In the past when I made it clear to Michael that he had better stop seeing a certain little miss adulteress, he would comply willingly, almost happy to be found out because he had the perfect excuse to put an end to the fling. I wasn’t even sure what I hoped for this time. A sub-sleeping part of me wanted him to refute me, so we could somehow move on. I’m sure he didn’t really want to hear one more sodden ultimatum from me, either. Still, I expected him to say, “Don’t worry, honey, it’s over,” or “I’ll never see her again.” Then it dawned on me like the Age of Aquarius that this might actually be IT. “Do you
love
this amoral piglet?” I peeped, attempting to shield my sore face from his answer. Of course he said, “No,” but I didn’t believe him. I had come to know his lying voice well, even though at times I ignored it entirely in favor of keeping at least a piece of the peace, the tranquillity of fiction.
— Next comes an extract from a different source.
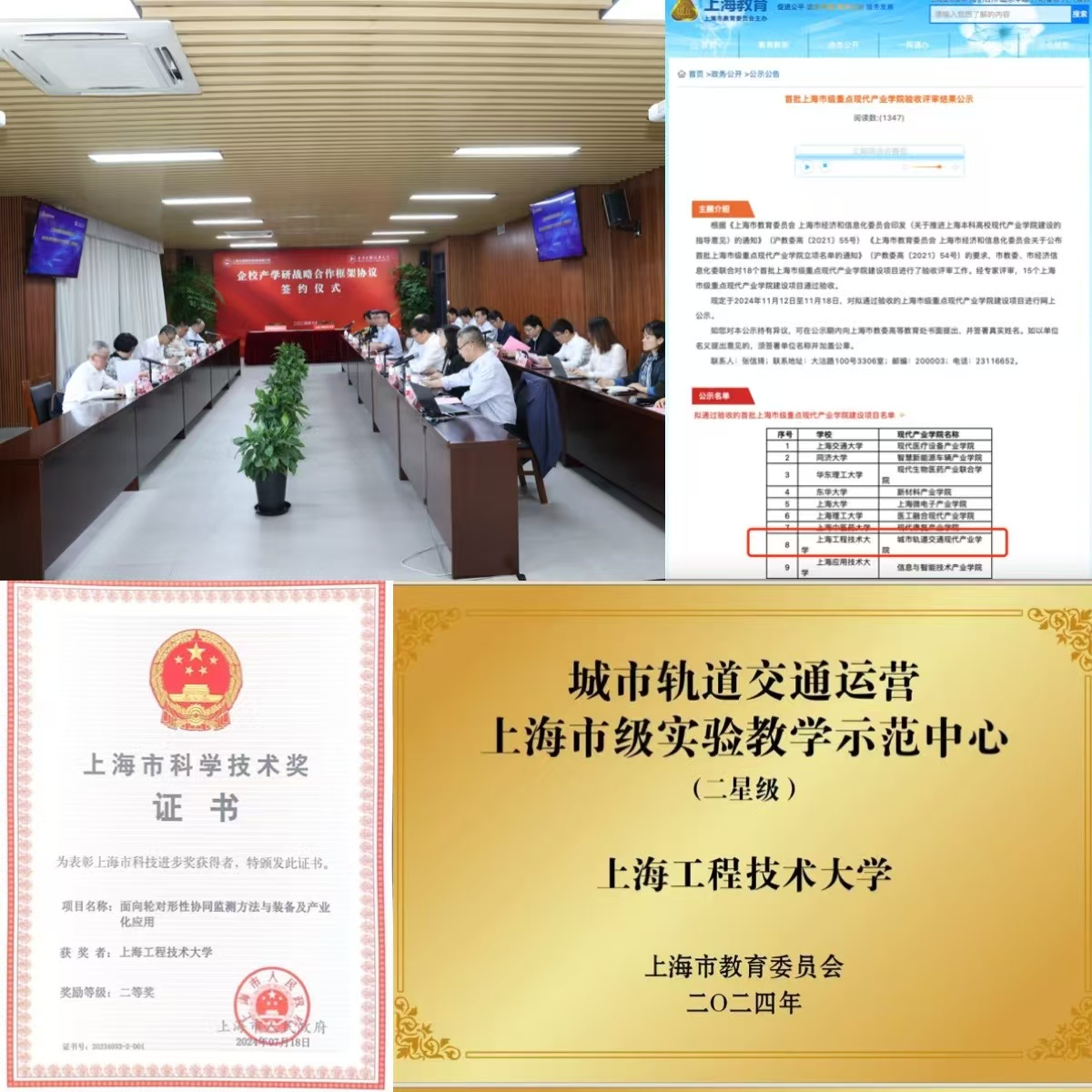 学院深化城市轨道交通现代产业学院建设,圆满完成现代产业学院规划建设任务及阶段性的发展目标,顺利通过市级实验教学示范中心认定,获得二星级评价;学院先后赴申通集团人力资源部、党建工作部、技术中心、教培中心等多家单位开展交流研讨13次;召开上海申通地铁集团有限公司城市轨道交通现代产业学院第二次理事会,并签订新一轮产学研战略合作框架协议;制定产业学院章程及6项配套制度文件,为校企合作提供了坚实的制度保障。

He looked at the wall and said, “I can’t stop seeing her now.” A
knuckle sandwich straight in the kisser. What the fuck did “now” mean?
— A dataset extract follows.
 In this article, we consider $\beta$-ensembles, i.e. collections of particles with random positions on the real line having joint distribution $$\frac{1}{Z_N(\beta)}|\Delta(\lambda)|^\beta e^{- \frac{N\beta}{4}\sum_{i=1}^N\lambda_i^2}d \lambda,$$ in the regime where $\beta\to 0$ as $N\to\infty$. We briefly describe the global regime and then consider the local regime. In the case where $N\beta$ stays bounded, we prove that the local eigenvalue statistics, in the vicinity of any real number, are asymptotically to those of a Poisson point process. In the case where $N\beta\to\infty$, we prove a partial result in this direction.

“Do you still love me?” The sound of my thin, whiny voice in my own ears made my flesh crawl like termites had infested and were about to reach the heart chakra. Michael looked at the floor. “I will always love you.” It came out like a crucified whimper while I sat there like a lump of redundant flesh—weak, worn out, and hollow—the Indian squaw that had been prepared to hurl her brave’s own arrows, transmuting into an ordinary trodden-down, cheated-on wife. After the longest, quietest time in the universe went by, as my heart sagged and my face throbbed, I asked what we were going to do. He suggested I allow him to continue to see this girl until the time came when he might be finished with her.
“I think you’d better move out,” I said, and my voice seemed to be coming from the ceiling.
Dead silence.
Actually living, breathing, choking silence filled the room like nuclear waste. Finally I got up off the couch, went to the bedroom, and climbed under the covers. Michael went out the front door with his pockets full of change. He left Nellie behind.
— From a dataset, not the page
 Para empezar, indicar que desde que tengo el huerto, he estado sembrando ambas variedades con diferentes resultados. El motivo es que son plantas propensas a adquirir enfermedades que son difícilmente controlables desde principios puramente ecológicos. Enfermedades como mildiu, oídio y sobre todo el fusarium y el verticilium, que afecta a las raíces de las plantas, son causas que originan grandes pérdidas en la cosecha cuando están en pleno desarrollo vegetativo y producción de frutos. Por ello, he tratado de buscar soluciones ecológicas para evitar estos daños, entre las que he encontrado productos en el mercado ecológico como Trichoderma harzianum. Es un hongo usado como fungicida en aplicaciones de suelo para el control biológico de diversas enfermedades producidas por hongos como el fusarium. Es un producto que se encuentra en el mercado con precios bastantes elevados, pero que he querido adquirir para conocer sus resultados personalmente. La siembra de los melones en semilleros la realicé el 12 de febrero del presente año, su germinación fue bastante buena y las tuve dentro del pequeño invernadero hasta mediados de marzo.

The party’s over, baby—why don’t we call it a day.
I’m not saying Michael wasn’t hurting over the situation; it’s just that he had something to take his mind away from the hard, cold, breaking-up facts—a young brunette model.
I
had to start the withdrawal process while
his
heart was full of passion for someone else.
Since it was one of those times when the Des Barres didn’t have a whole lot of dough, we agreed—with a sense of unspoken relief—that he should postpone moving out until our finances grew less bleak. His new solo record, “Somebody Up There Likes Me,” had just come out, and I sat in the appreciative audience when he sang on “American Bandstand,” finally meeting Uncle Dick Clark and shaking his hand. And his acting prospects were picking up—he had already done a very amusing episode of
My Sister Sam
and was up for a part in a sci-fi thriller—so the arrangement wouldn’t last long. But it was harder than we could have imagined. In the beginning I hated Michael so deeply sometimes that I didn’t know myself and was scared of the volcanic vehemence of my increasingly nasty thoughts. Of course, I still loved him too, even though I was so full
of resentment I felt like I had eaten a sixteen-ounce steak after twenty years of living on papayas. It was all very, very confusing. Michael was equally volatile, totally on edge, looking for any excuse to go on the rampage. One evening the tension was so syrupy and thick, I was watching every move and slipped up anyway. Nick was reading a book with his tray balanced precariously on his knee, and when I set a soda pop on the tray it tumbled off and spilled all over the place. Michael exploded with rage and, going off the deep, deep end, grabbed the tray, threw it into the front yard, and stomped it, bleating about the bourgeois household he was forced to live in and how the tray incident represented all that was mundane and trivial in his life. There it was: I was from the San Fernando Valley and he was a blue-blooded aristocrat. Nick was caught in between and started quietly bawling.